Source →Prefect dbt Orchestrator executes dbt graph models with state-aware caching, durable retries, and shared concurrency primitives, eliminating unnecessary rebuilds and pod-per-task overhead.
Source →Introduction of JavaScript UDFs support with ability to define overloaded UDFs via overloads block in function YAML entries.
Source →dbt-core v1.12.0-b1 adds support for UnparsedMetricV2 and new YAML schema for semantic layer entities with extended functionality including derived dimensions and agg_time_dimension.
Source →Disable unit tests whose model is disabled and support unit testing models that depend on sources with the same name.
Source →Add unit tests to the Jinja graph object, enabling tools like dbt-project-evaluator to run checks on unit tests.
Source →Added per-overload start and result log events for overloaded UDFs (LogStartOverload, LogOverloadResult) and Reused to NodeStatus and RunStatus.
Source →Write compiled SQL for snapshots to target/compiled/ during dbt compile and add Python 3.14 support.
Source →Semantic layer enhancements including agg_time_dimension, primary_entity field, derived semantic entities, and derived dimensions parsing for v2 YAML.
Source →Added selector method for selection logic and support for jinja suffixed extensions for markdown and sql files.
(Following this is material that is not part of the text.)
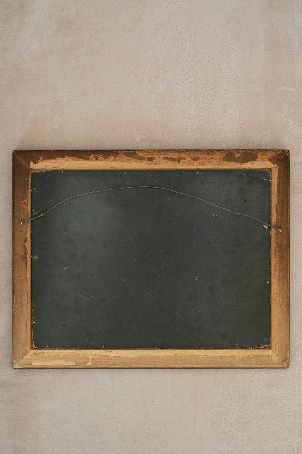 This oil painting on board is in fair condition. There are scratches to the surface – particularly around the edges of the piece (most likely from an older frame). The painting has darkened with age. The frame is in good condition, with some white paint spots on the top edge, some areas of wear to the finish, small scratches, and dents throughout.

Source →Added support for vars.yml to declare project variables and env vars can now be loaded from .env file.
Source →Added --empty flag to dbt seed to create tables without loading data and --sql flag to dbt run-operation for executing ad-hoc SQL/Jinja statements.
Source →Support for JavaScript UDFs with overloaded UDFs via overloads block in function YAML entries.
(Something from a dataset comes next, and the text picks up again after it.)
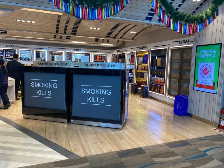 The Cathay Dragon entertainment screen was kind enough to show gate numbers and locations as we were coming in for a landing. Had we not paid attention to the instructions on screen, we would have been screwed as the airline attendant we asked to direct us at the arrival gate pointed us in the wrong direction, opposite of where we needed to go. The Hong Kong airport smelled great and transfer security had a very short line, allowing us to make it to our next departure gate with minutes to spare. There was enough time before they started boarding to grab two bottles of Fiji water and a fresh watermelon juice from a coffee shop adjacent to the gate. I love watermelon juice; I can’t wait until it’s back in season at home so I can go back to juicing it all the time. I didn’t know the Hong Kong currency and had no clue how much it had cost. Pulling up my currency app, I was pleasantly surprised that HK$59 was only $7.57 USD; at any US airport the total would have easily been closer to $20 USD. But then we realized that it was 230 Thai baht and were appalled since in a Thailand airport it would have been closer to 60 Thai baht; it’s going to be quite an adjustment easing back into US costs when we get home. It must have been cold in Hong Kong since we were the ONLY people in the airport not bundled up. Brandon was in shorts and a t-shirt, I was in small shorts and a tank top, and everyone else around us was in pants and sweaters or full on jackets.

Source →Added config.meta_get and config.meta_require methods for runtime configuration object.
Source →Added directory change instruction after dbt init and ability to indicate dbt Model also represents a Semantic Model.
Source →Support for partial parsing of function nodes, new-style YAML Semantic Layer Metrics (UnparsedMetricV2), and function arguments with default values.
Source →Self-hosted HTTP backend for document parsing that preserves spatial layout of text rather than raw content, supporting PDFs, Word documents, PowerPoints, spreadsheets, and images with structured text and vision model endpoints.
Source →Self-hosted HTTP backend for document parsing that sits between naive extraction tools and expensive cloud APIs, supporting wide range of formats and providing structured text with position data or page rendering.
Source →LiteParse Server offers both slim version with no infrastructure dependencies and fuller setup with caching, rate limiting, tracing for flexible deployment options.
Source →A self-hosted HTTP backend for document parsing that preserves spatial layout of text with support for PDFs, Word documents, PowerPoints, spreadsheets, and images, featuring structured text with position data and page rendering as images.
Source →Self-hostable HTTP backend for document parsing that preserves spatial layout of text and supports PDFs, Word documents, PowerPoints, spreadsheets, and images with two main endpoints for structured text and image rendering.
Source →Self-hosted HTTP backend for document parsing that preserves spatial layout with support for PDFs, Word documents, PowerPoints, spreadsheets, and images, featuring two endpoints for structured text with position data and page rendering as images.
Source →dbt Labs introduced AI agents and developer agents that automate coding and testing tasks, enabling faster analytics engineering without manual intervention.
Source →An AI-powered coding agent for analytics engineering that is grounded in your dbt project to help ship faster without breaking downstream dependencies.
Source →Introduction of dbt Developer Agent and agentic approaches represents a shift from manual coding to AI-assisted, autonomous analytics engineering workflows.
Source →An AI-powered coding agent for analytics engineering that is now in Preview, enabling developers to automate analytics engineering tasks.
Source →An AI-powered coding agent for analytics engineering now available in Preview that assists with analytics engineering tasks.
Source →An AI coding agent for analytics engineering that is now in preview, enabling automated development assistance.
Source →Generally Available release with disaster recovery, governance, and audit logging capabilities on customer terms.
Source →Enterprise orchestration platform featuring Disaster Recovery, Governance, and Audit Logging capabilities now Generally Available.
Source →Introduces disaster recovery, governance, and audit logging capabilities for Airflow-as-a-service in customer environments, now generally available.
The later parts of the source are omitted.